There will be posturing efforts to dissemble, to try to re-write history, to cast blame, to shun responsibility, to point towards so called fake news, to excoriate, insult, demean, and distort a way out of the fallen house of cards. From among the true Trump believers, from the legions of the blindly faithful, many will fall for it, but not all, and not enough. Because there will be those influential few who will become disgusted by it. Repulsed because someone they know suffered through this and died alone, comforted in their final moments only by the nurse, doctor, or health aide who courageously chose to blend together the virtues of generosity and gentleness, creating the kindness they give to all in their care. A kindness unknown, and unappreciated by the empty soul of the White House – our house. The contrast between those who truly serve and sacrifice on the broad front lines of this pandemic and the person who occupies our symbolic ‘home’ will be stark and revealing.

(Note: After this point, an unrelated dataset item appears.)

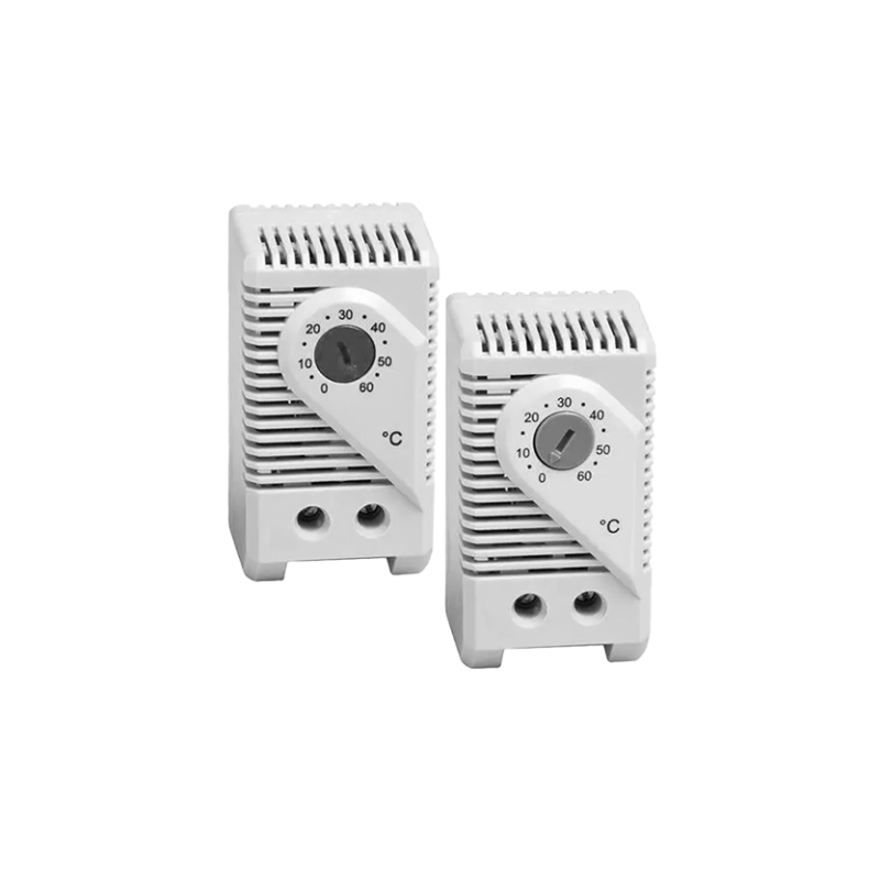 Termostati meccanici per apparecchi di riscaldamento e raffreddamento, ventilatori ed elementi di segnalazione. Il termostato, rilevando la temperatura ambiente, comanda i carichi ohmici e induttivi. Se la temperatura fissata è uguale al punto più alto di commutazione, il contatto NC si apre. Se la temperatura fissata, dedotta l’isteresi (e la tolleranza), è uguale al punto più basso di commutazione, il contatto NC si chiude. Isteresi di commutazione: Sonda: Tipo di contatto: Corrente di commutazione min.: Potere di apertura max: Contatto di apertura: Potere di apertura max: Contatto di chiusura: 5 K (tolleranza -3/+2 K). Bimetallo. A scambio (con contatti a scatto). 10 mA. 250 V AC. 10 (4)A. 120 V AC. 10 (4)A - 30 W DC. 250 V AC. 5 (2)A. 120 V AC. 5 (2)A - 30 W DC. Corrente di acc. max: 10 A AC per 10 sec. Connessione: Morsetto 4 poli, filo rigido 2,5 mmq, coppia di serr. max 0,5 Nm. Fissaggio: Alloggiamento: Dimensioni e peso: Temp. di funzionamento: Clip per guida DIN 35 mm EN60715. Plastica UL94-V-0, grigio. H67 x L50 x P38 mm - 0,1 Kg.-45°C - +65°C (-49°F - +149°F). Omologazioni: Classe di protezione: CE - VDE - UL File E164102. IP20.

Every day, from those who give of themselves, an amalgam of virtue is on display for all to see: the gentleness and generosity mentioned above; the courage and dignity in giving care to others; that care combined with the humility, commitment, and gratitude in having the opportunity to ‘sing the sacred chorus of How Can I Help?’; the sympathy and compassion for those who suffer; and the sense of responsibility, sadness and loss for those they could not save. This, after all, is what constitutes true greatness – an authentic greatness that those who so serve have always possessed. A greatness unrecognizable to Mr. Trump, because it is undeniable that these virtues are not now, and never have been, discoverable in his own character. The arrogance of claimed perfection will result in more death than this or any culture can absorb without damage. And this we can sorrowfully deduce from the very demographic statistics that have been repeatedly disparaged and intentionally misrepresented by the President and his administration for months.
It is painfully likely, that the sheer number of deaths and the six-degrees-of-separation formula that such a huge number pre-sages, means that everyone will have some traceable connection to someone who dies. And very few things in life carry such pain, weight and burden as does the unnecessary death of one who is beloved. Once sorrow has receded from being the thing that survivors feel every hour, to the thing they merely think of every day; just when time has started to soften the misery, the social strictures will be eased, and the delayed and postponed rituals will begin, re-awakening both the suffering and the anger. Soon, the mind will shift its attention, as it so often and inevitably does, to a ‘hold-someone-responsible’ sense of justice. All the claims of perfect action, all the excuses, all the pointing of the finger elsewhere, will ring as empty as the government that has been hollowed out. Then, more than a handful of people will re-assess their previous choices, because they will be left only with the sad apology of T.S. Elliot: “That is not what I meant at all, that is not it, at all.”
And with that in mind, they will vote.